YOUR OBJECTIVE
Reproduce every line of the listing as written, apart from the pictures.

INFORMATION SHOWN
%%

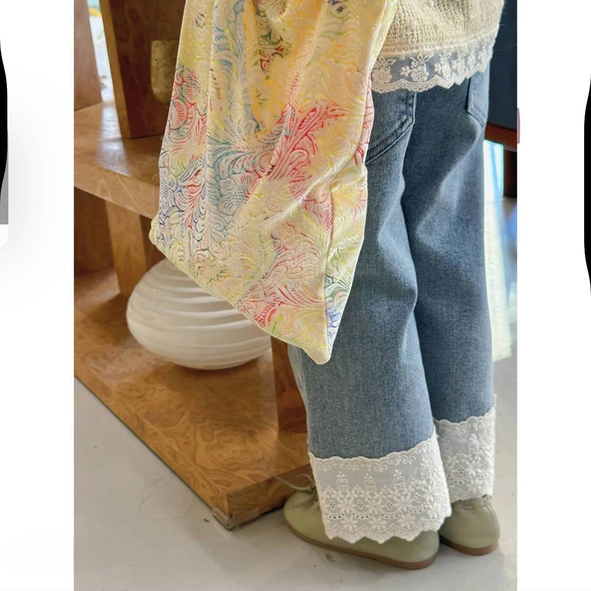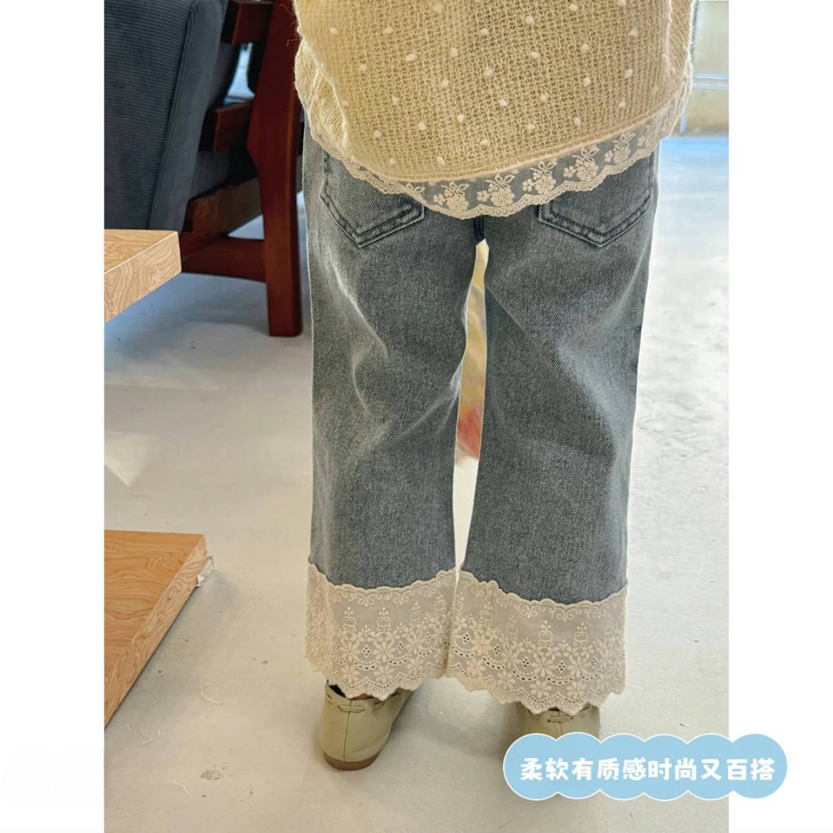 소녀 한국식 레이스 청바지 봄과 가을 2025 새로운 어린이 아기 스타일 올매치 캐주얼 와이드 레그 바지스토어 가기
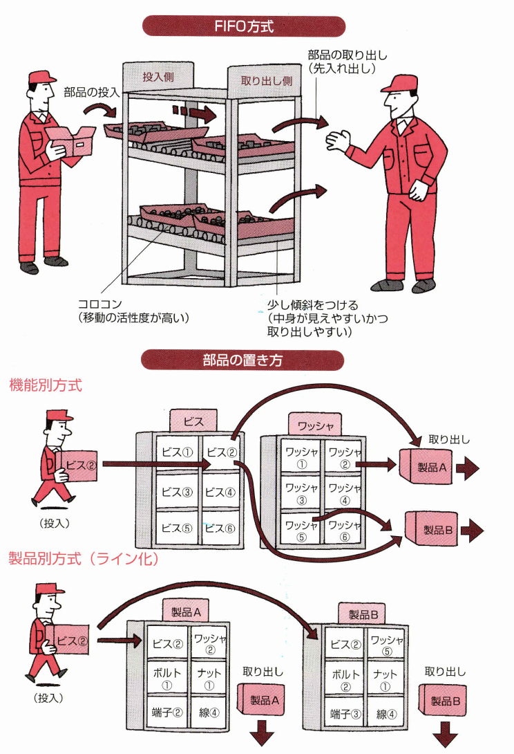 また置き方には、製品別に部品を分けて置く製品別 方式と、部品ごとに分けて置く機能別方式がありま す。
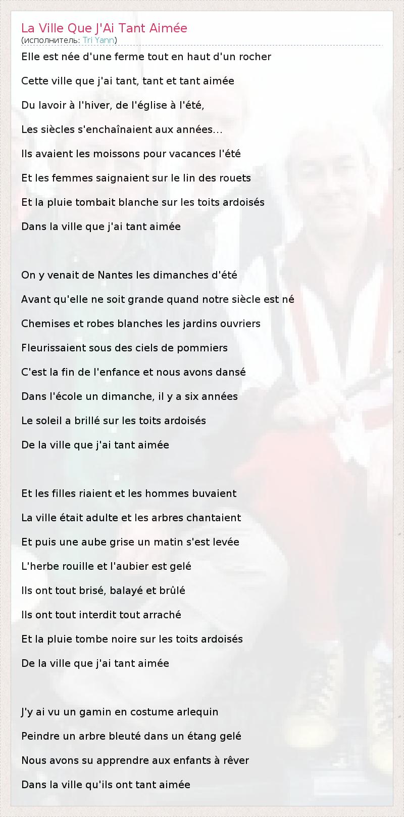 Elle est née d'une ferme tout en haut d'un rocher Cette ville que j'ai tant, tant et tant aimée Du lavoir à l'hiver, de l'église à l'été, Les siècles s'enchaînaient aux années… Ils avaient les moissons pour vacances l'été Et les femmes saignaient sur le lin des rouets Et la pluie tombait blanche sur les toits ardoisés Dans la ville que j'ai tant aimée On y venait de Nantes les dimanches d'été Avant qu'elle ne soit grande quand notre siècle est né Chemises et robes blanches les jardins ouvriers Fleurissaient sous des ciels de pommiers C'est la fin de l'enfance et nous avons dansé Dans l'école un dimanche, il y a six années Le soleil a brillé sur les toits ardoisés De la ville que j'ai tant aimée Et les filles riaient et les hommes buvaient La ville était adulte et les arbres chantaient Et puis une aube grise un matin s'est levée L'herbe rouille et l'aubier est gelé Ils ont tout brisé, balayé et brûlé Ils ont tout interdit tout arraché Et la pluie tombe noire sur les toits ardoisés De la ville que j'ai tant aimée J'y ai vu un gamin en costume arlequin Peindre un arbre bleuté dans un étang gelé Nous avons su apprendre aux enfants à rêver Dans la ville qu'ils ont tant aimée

%%

EXERCISE RESULT
 소녀 한국식 레이스 청바지 봄과 가을 2025 새로운 어린이 아기 스타일 올매치 캐주얼 와이드 레그 바지스토어 가기
 また置き方には、製品別に部品を分けて置く製品別 方式と、部品ごとに分けて置く機能別方式がありま す。
 Elle est née d'une ferme tout en haut d'un rocher Cette ville que j'ai tant, tant et tant aimée Du lavoir à l'hiver, de l'église à l'été, Les siècles s'enchaînaient aux années… Ils avaient les moissons pour vacances l'été Et les femmes saignaient sur le lin des rouets Et la pluie tombait blanche sur les toits ardoisés Dans la ville que j'ai tant aimée On y venait de Nantes les dimanches d'été Avant qu'elle ne soit grande quand notre siècle est né Chemises et robes blanches les jardins ouvriers Fleurissaient sous des ciels de pommiers C'est la fin de l'enfance et nous avons dansé Dans l'école un dimanche, il y a six années Le soleil a brillé sur les toits ardoisés De la ville que j'ai tant aimée Et les filles riaient et les hommes buvaient La ville était adulte et les arbres chantaient Et puis une aube grise un matin s'est levée L'herbe rouille et l'aubier est gelé Ils ont tout brisé, balayé et brûlé Ils ont tout interdit tout arraché Et la pluie tombe noire sur les toits ardoisés De la ville que j'ai tant aimée J'y ai vu un gamin en costume arlequin Peindre un arbre bleuté dans un étang gelé Nous avons su apprendre aux enfants à rêver Dans la ville qu'ils ont tant aimée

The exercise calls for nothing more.